• What to produce:
Among the entries below, copy only the span from the line containing "Между тем, некоторую" through the line containing "Tamamen ithal pamuktan". Do so exactly, and skip the pictures.

═══ Supplied material ═══

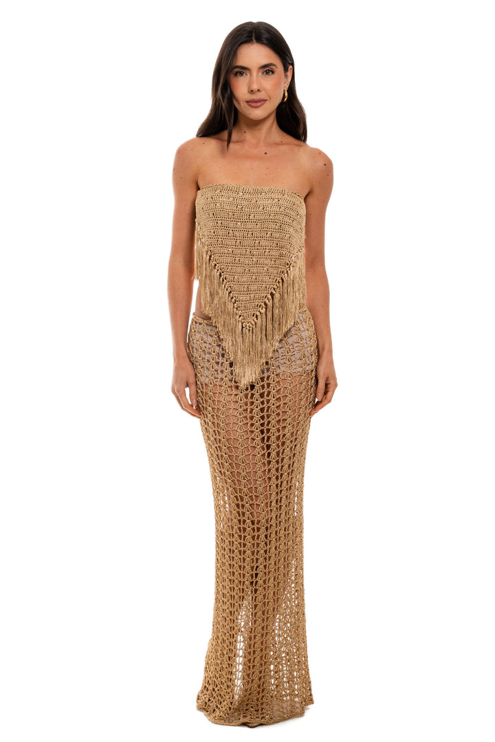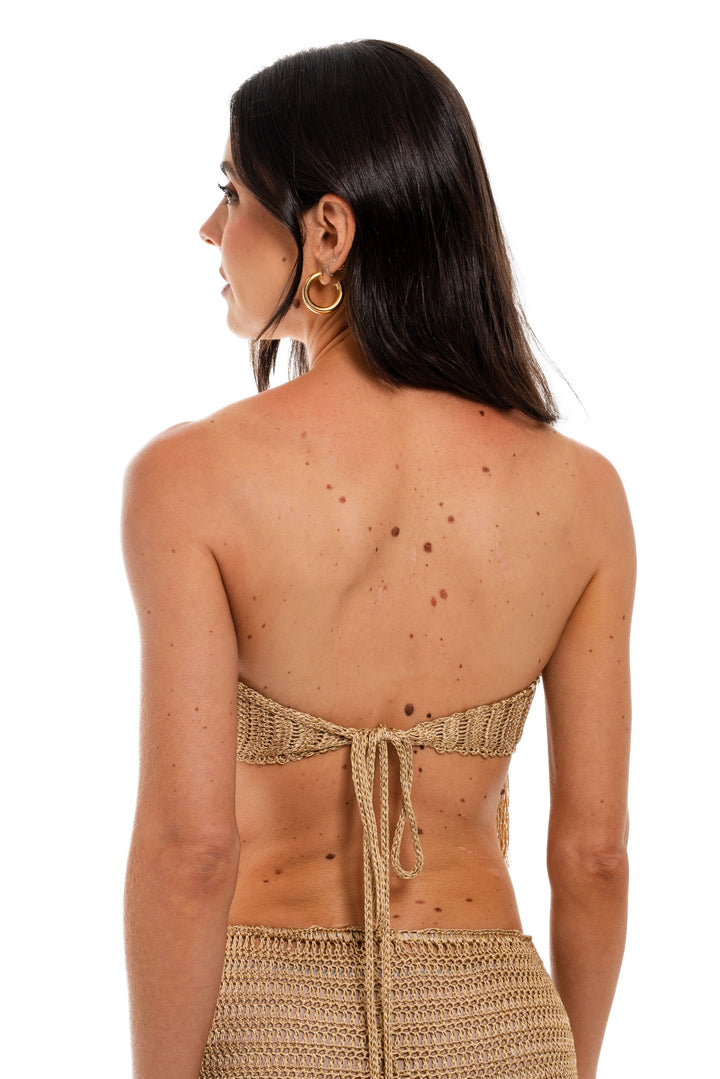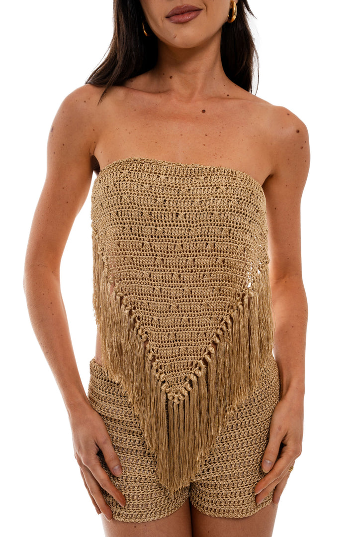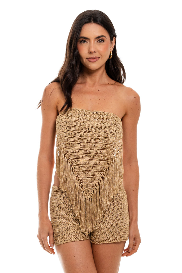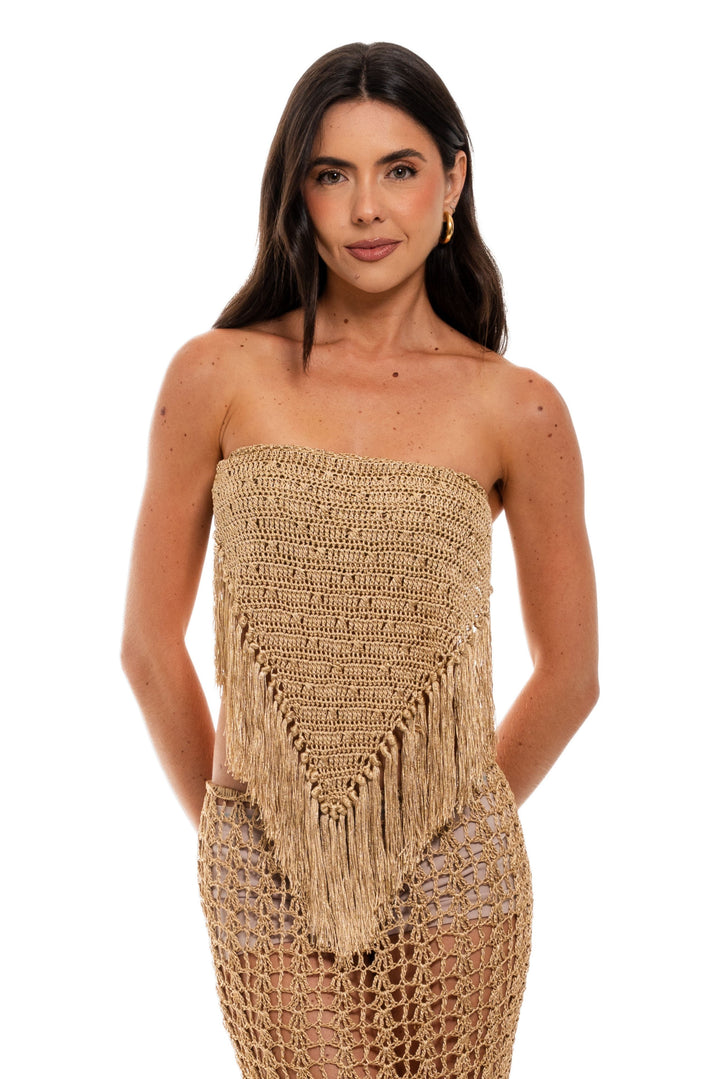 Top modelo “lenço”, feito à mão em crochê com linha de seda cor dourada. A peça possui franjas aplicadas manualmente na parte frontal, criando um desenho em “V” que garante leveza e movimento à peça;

═══
═══ Supplied material ═══

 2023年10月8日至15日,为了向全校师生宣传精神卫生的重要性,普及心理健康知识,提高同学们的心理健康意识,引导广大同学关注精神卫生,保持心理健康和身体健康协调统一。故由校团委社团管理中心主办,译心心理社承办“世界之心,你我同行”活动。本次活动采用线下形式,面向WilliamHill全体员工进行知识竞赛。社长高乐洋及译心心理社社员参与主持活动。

═══
═══ Supplied material ═══

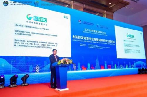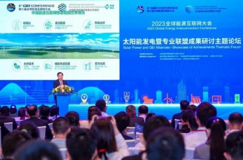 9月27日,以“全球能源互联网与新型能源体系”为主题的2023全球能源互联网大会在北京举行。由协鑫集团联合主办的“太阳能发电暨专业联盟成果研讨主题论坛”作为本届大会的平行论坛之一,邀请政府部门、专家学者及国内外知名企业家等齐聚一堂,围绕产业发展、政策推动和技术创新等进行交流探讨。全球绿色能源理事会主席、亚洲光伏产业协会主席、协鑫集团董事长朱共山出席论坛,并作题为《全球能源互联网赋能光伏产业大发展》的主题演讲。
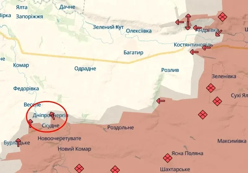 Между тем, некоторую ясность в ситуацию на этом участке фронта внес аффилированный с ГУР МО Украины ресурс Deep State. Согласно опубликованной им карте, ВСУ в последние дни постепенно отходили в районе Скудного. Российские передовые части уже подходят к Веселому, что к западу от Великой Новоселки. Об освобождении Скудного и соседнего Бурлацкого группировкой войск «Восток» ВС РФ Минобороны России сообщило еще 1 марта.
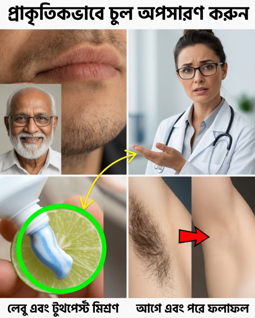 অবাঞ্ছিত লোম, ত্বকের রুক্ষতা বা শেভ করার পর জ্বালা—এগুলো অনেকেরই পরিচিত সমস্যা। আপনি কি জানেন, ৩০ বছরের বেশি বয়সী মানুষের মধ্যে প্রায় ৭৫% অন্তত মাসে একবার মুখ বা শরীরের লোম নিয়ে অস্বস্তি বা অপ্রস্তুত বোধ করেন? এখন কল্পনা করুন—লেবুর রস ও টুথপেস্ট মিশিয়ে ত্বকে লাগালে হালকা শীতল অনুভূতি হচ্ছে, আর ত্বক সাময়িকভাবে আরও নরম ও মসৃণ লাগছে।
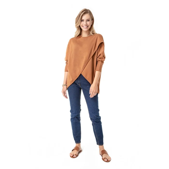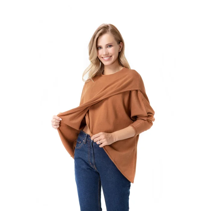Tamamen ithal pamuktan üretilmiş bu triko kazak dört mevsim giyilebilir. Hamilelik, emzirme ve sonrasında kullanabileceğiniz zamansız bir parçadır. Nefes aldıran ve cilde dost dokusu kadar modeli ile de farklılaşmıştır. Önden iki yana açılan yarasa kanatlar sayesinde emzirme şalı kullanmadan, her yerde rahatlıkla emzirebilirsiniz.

═══

• Output:
 Между тем, некоторую ясность в ситуацию на этом участке фронта внес аффилированный с ГУР МО Украины ресурс Deep State. Согласно опубликованной им карте, ВСУ в последние дни постепенно отходили в районе Скудного. Российские передовые части уже подходят к Веселому, что к западу от Великой Новоселки. Об освобождении Скудного и соседнего Бурлацкого группировкой войск «Восток» ВС РФ Минобороны России сообщило еще 1 марта.
 অবাঞ্ছিত লোম, ত্বকের রুক্ষতা বা শেভ করার পর জ্বালা—এগুলো অনেকেরই পরিচিত সমস্যা। আপনি কি জানেন, ৩০ বছরের বেশি বয়সী মানুষের মধ্যে প্রায় ৭৫% অন্তত মাসে একবার মুখ বা শরীরের লোম নিয়ে অস্বস্তি বা অপ্রস্তুত বোধ করেন? এখন কল্পনা করুন—লেবুর রস ও টুথপেস্ট মিশিয়ে ত্বকে লাগালে হালকা শীতল অনুভূতি হচ্ছে, আর ত্বক সাময়িকভাবে আরও নরম ও মসৃণ লাগছে।
Tamamen ithal pamuktan üretilmiş bu triko kazak dört mevsim giyilebilir. Hamilelik, emzirme ve sonrasında kullanabileceğiniz zamansız bir parçadır. Nefes aldıran ve cilde dost dokusu kadar modeli ile de farklılaşmıştır. Önden iki yana açılan yarasa kanatlar sayesinde emzirme şalı kullanmadan, her yerde rahatlıkla emzirebilirsiniz.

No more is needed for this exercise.